### Problem statement:
From the listing below, please restate exactly the lines beginning at the one with "The 3D saucer" and ending at the one with "抽放区工会主席岗位4E 标准", both included, and skip the pictures.

### Data for this task:

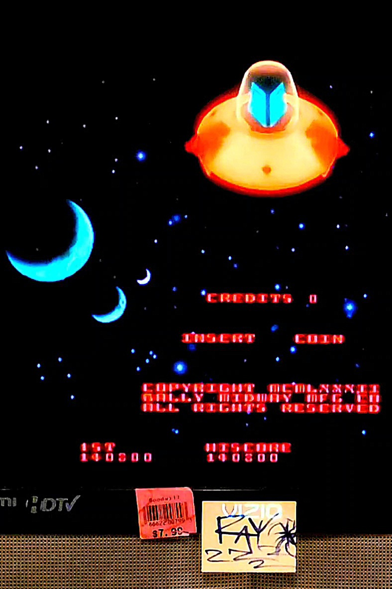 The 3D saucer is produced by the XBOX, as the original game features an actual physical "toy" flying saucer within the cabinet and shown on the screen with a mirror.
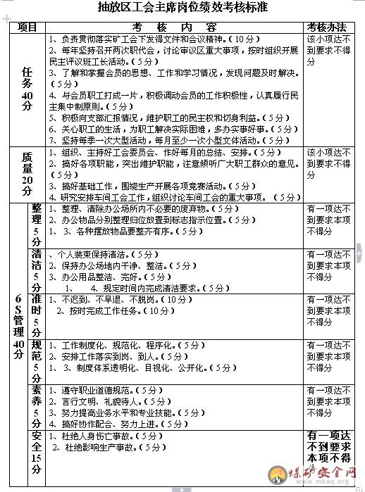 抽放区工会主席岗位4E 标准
---
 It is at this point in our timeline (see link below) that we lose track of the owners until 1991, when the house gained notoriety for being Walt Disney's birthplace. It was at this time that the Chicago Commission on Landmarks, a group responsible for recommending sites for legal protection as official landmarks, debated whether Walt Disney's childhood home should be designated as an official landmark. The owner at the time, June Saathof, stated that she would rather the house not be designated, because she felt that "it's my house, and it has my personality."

### Output:
 The 3D saucer is produced by the XBOX, as the original game features an actual physical "toy" flying saucer within the cabinet and shown on the screen with a mirror.
 抽放区工会主席岗位4E 标准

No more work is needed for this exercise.